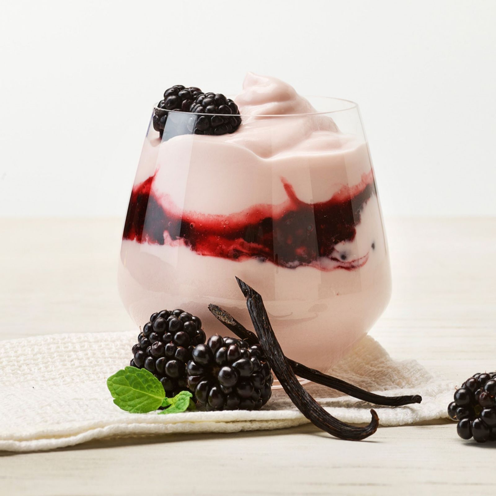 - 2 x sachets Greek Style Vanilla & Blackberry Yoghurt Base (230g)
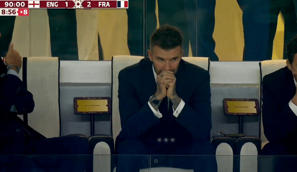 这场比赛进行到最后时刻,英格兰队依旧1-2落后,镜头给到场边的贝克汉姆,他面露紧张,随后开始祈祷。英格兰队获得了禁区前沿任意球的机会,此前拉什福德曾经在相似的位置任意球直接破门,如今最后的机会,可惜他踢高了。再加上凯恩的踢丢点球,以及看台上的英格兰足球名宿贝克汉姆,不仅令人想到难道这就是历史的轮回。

==

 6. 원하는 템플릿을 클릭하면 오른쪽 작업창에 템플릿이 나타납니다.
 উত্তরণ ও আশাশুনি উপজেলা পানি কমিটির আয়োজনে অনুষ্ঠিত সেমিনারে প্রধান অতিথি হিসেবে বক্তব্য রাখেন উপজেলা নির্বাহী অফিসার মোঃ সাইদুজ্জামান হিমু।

---

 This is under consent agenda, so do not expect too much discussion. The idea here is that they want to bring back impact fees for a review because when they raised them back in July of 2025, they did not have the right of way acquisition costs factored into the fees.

• Work to be completed:
Go to the line in the material above that contains "6. 원하는 템플릿을 클릭하면 오른쪽 작업창에 템플릿이 나타납니다." and copy exactly from there through the line that contains "উত্তরণ ও আশাশুনি", stopping after it.

• Written response:
 6. 원하는 템플릿을 클릭하면 오른쪽 작업창에 템플릿이 나타납니다.
 উত্তরণ ও আশাশুনি উপজেলা পানি কমিটির আয়োজনে অনুষ্ঠিত সেমিনারে প্রধান অতিথি হিসেবে বক্তব্য রাখেন উপজেলা নির্বাহী অফিসার মোঃ সাইদুজ্জামান হিমু।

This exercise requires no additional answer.